··· Entries supplied

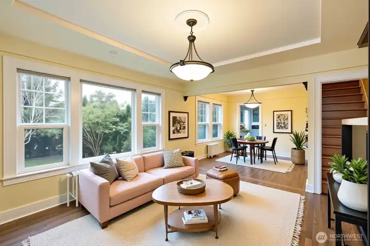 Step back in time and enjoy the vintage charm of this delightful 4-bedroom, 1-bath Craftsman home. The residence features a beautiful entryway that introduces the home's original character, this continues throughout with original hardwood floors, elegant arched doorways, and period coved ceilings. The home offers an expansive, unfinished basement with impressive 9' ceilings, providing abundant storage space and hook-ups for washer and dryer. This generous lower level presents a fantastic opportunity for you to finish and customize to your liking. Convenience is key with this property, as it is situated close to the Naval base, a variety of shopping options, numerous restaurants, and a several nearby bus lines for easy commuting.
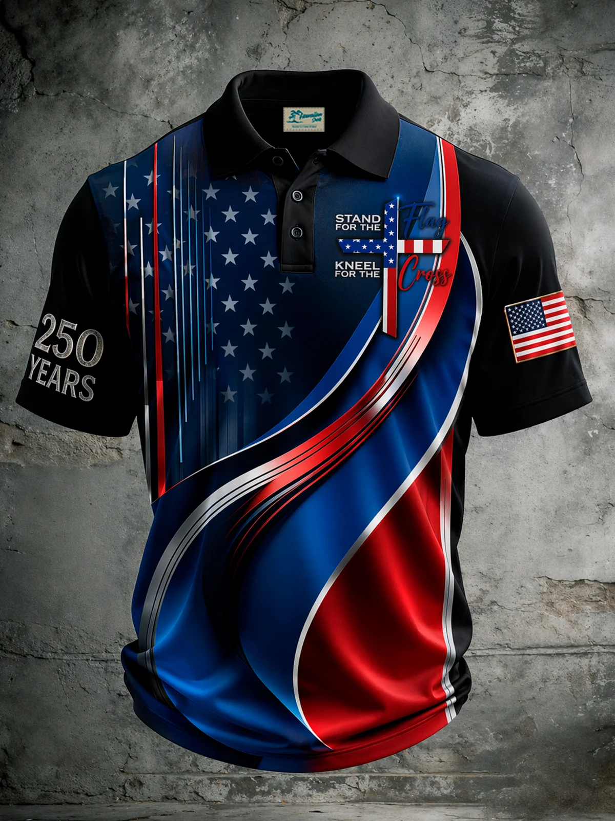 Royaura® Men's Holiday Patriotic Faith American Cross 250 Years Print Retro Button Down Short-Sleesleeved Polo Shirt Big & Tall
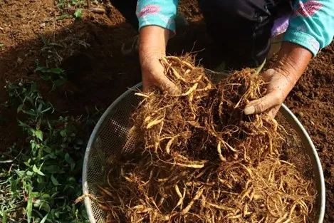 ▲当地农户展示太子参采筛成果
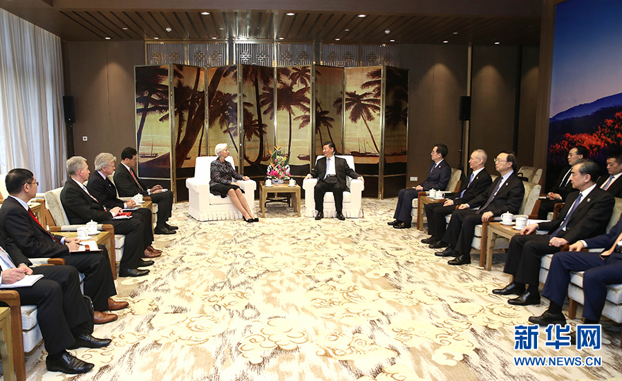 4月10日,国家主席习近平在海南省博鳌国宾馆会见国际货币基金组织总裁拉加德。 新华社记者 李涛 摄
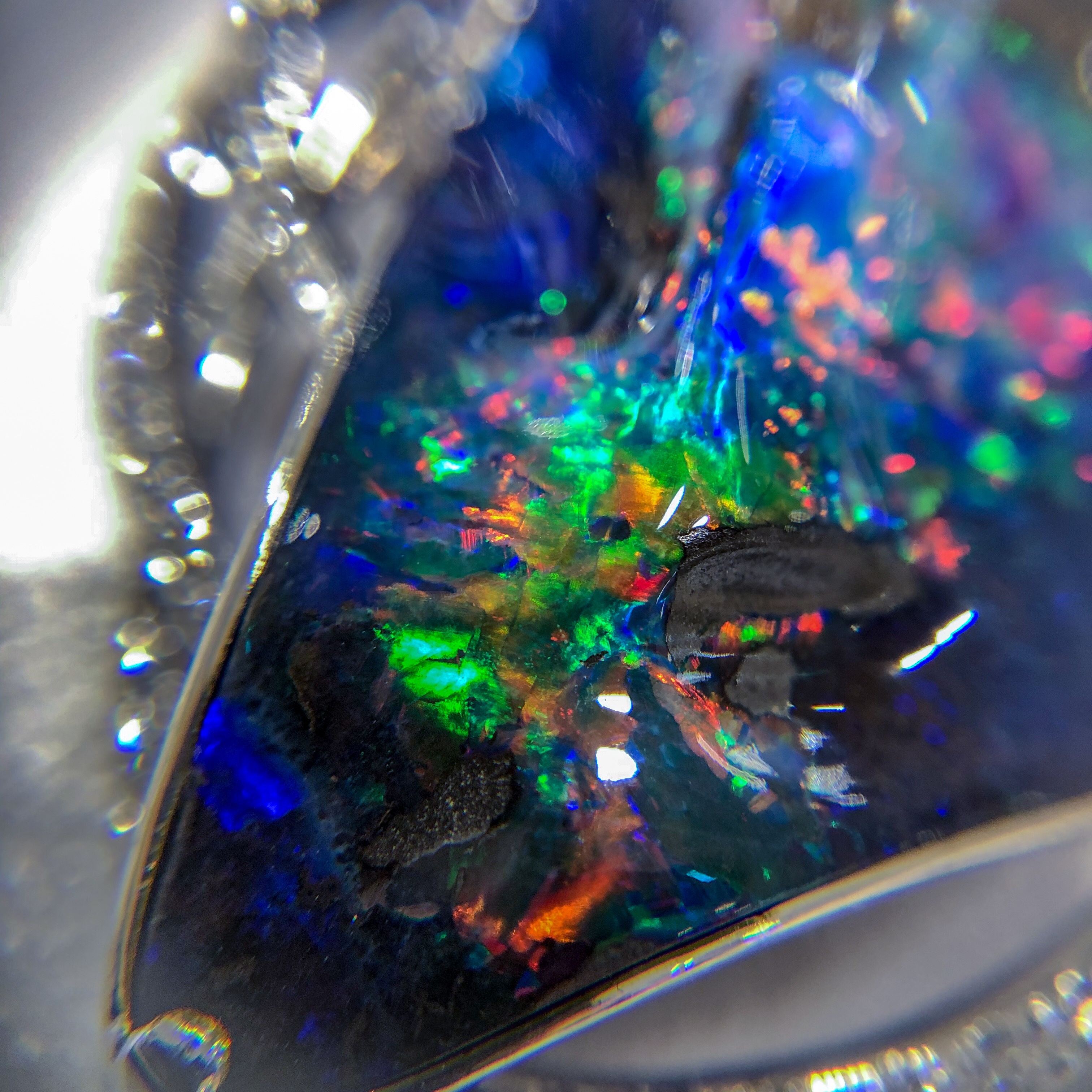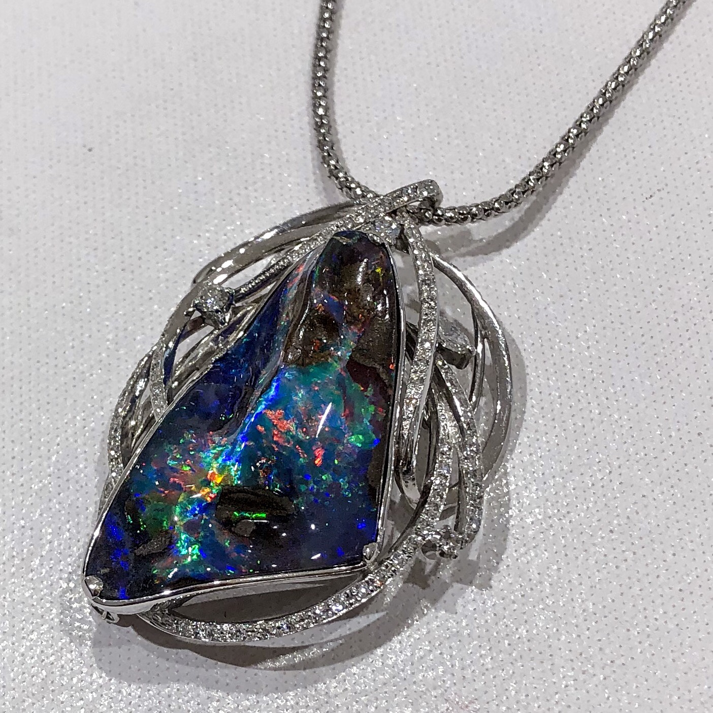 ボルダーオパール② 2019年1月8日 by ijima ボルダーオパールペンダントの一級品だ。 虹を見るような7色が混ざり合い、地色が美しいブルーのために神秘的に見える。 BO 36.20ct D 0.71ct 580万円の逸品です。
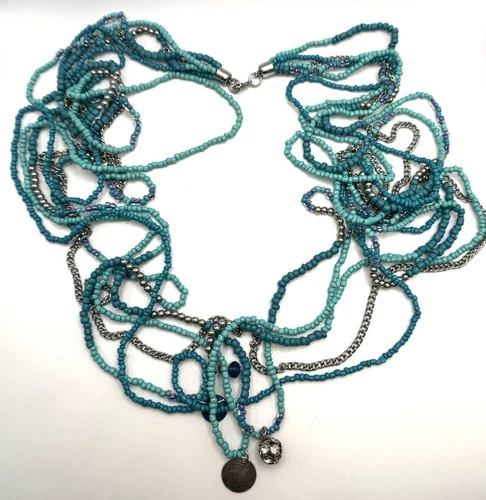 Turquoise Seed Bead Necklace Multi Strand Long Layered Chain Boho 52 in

······
··· Entries supplied

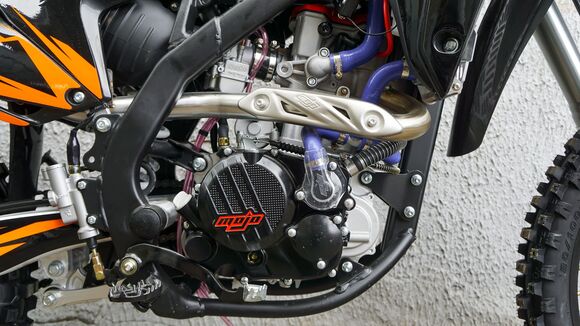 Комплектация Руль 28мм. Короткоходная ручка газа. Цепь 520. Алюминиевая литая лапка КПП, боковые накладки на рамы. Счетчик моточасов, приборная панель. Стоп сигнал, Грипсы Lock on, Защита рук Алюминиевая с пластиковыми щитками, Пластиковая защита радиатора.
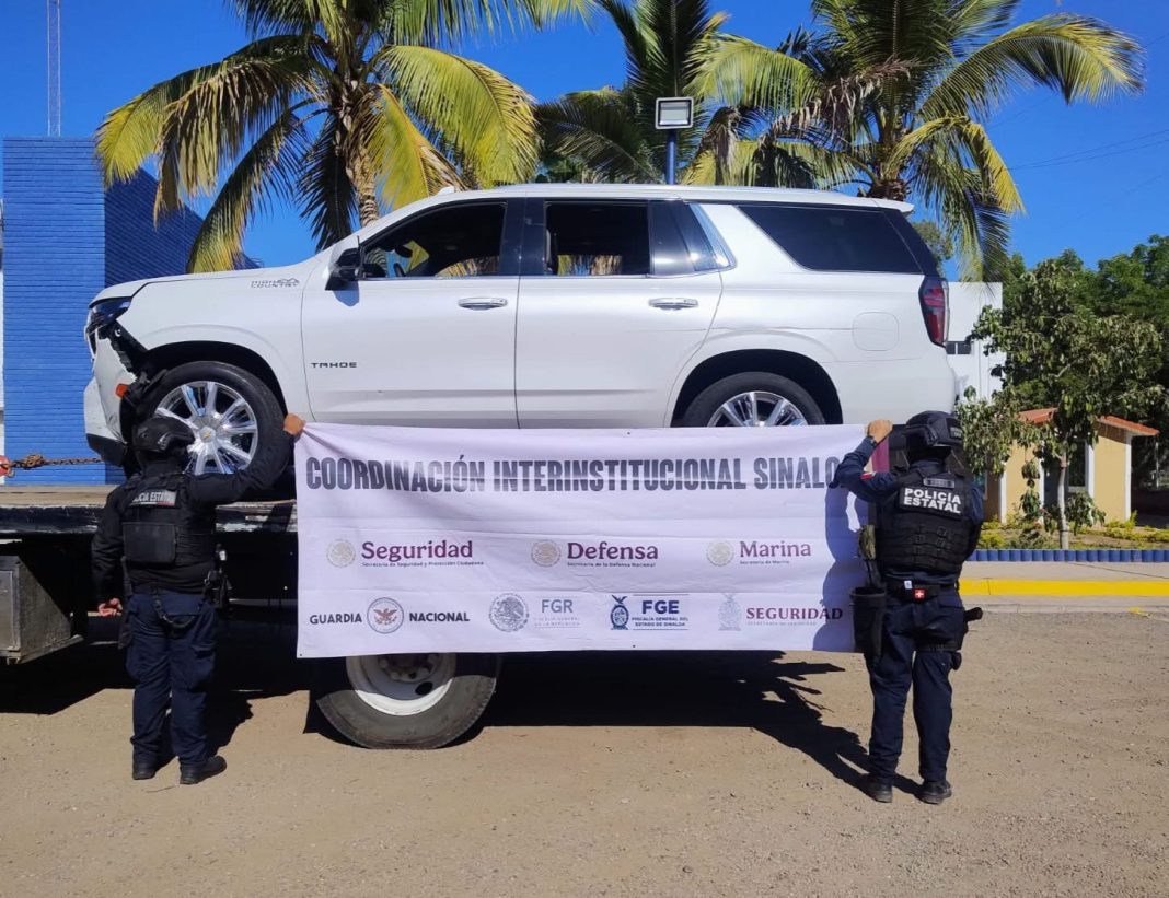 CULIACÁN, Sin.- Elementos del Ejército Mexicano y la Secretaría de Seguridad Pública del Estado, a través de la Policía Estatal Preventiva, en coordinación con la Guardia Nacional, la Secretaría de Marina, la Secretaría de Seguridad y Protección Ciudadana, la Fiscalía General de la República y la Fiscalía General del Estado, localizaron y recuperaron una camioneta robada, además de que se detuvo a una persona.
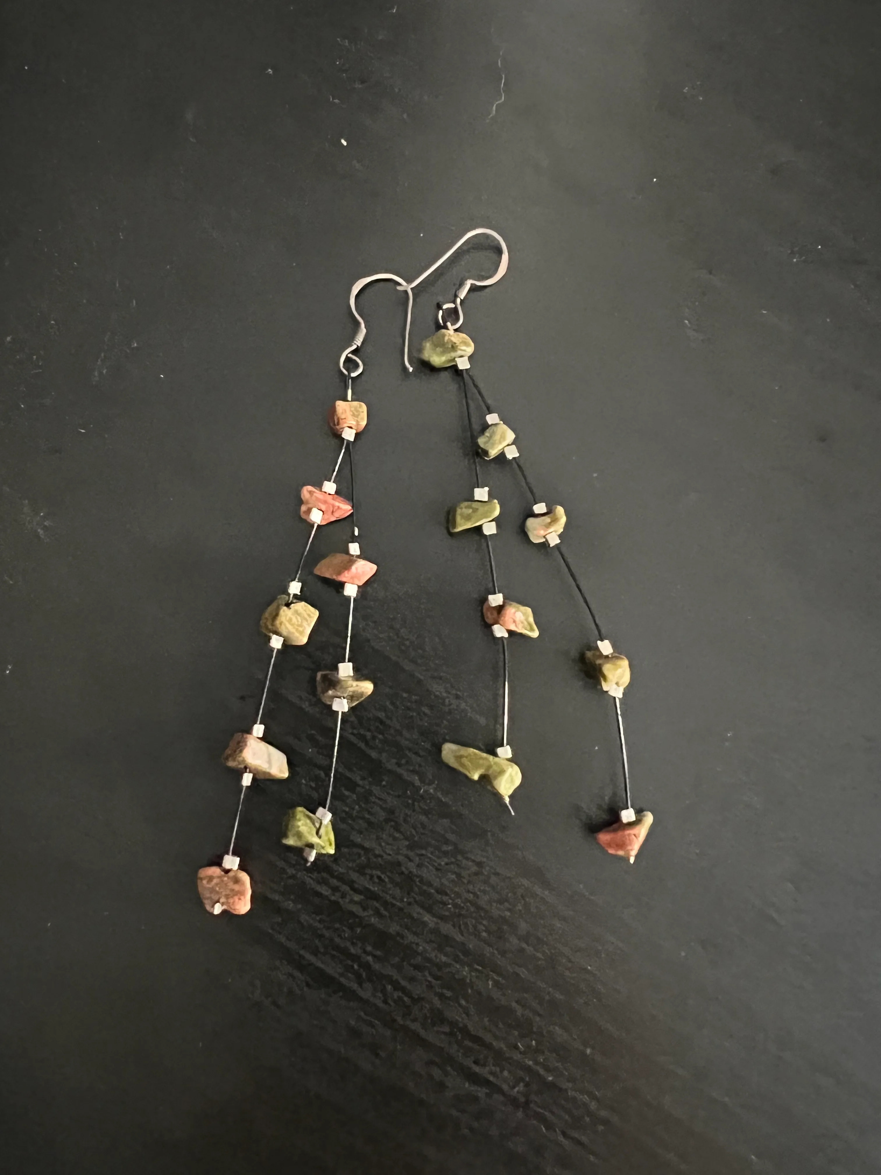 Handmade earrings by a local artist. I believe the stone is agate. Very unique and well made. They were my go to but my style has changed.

······
··· Entries supplied

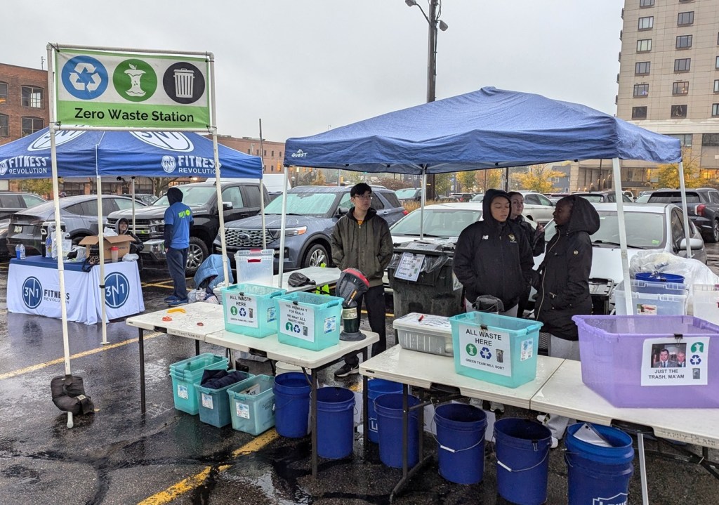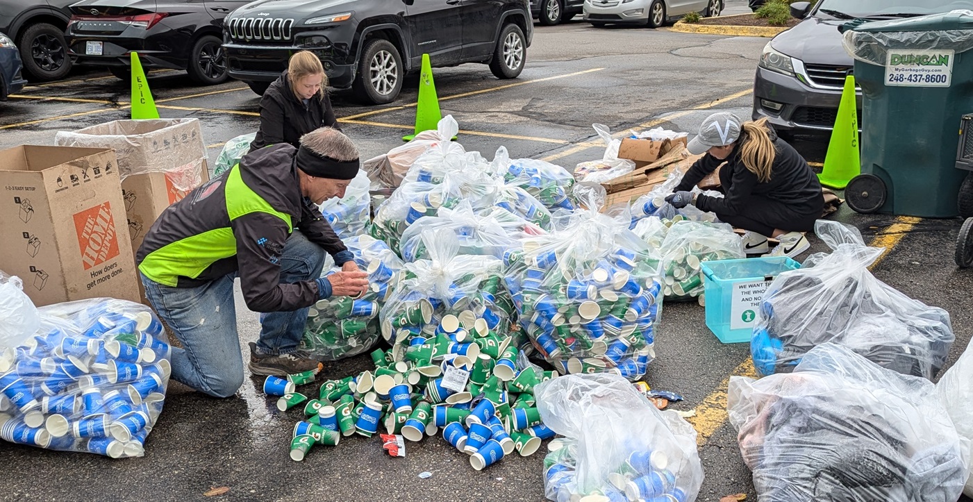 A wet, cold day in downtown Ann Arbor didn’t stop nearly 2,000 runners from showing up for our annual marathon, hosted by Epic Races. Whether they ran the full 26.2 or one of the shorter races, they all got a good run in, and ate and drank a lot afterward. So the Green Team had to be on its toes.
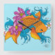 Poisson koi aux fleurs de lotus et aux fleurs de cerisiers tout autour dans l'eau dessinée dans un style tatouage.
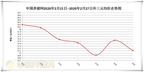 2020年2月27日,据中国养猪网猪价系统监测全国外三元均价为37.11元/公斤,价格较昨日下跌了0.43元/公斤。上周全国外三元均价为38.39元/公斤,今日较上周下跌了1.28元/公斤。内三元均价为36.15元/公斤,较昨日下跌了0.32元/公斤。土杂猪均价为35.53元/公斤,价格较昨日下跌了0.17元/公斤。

······

▶ Assigned task: Taking the material above, give again exactly the lines from the one holding "Poisson koi aux" through the one holding "2020年2月27日,据中国", with both ends and without pictures.

▶ Solved exercise:
 Poisson koi aux fleurs de lotus et aux fleurs de cerisiers tout autour dans l'eau dessinée dans un style tatouage.
 2020年2月27日,据中国养猪网猪价系统监测全国外三元均价为37.11元/公斤,价格较昨日下跌了0.43元/公斤。上周全国外三元均价为38.39元/公斤,今日较上周下跌了1.28元/公斤。内三元均价为36.15元/公斤,较昨日下跌了0.32元/公斤。土杂猪均价为35.53元/公斤,价格较昨日下跌了0.17元/公斤。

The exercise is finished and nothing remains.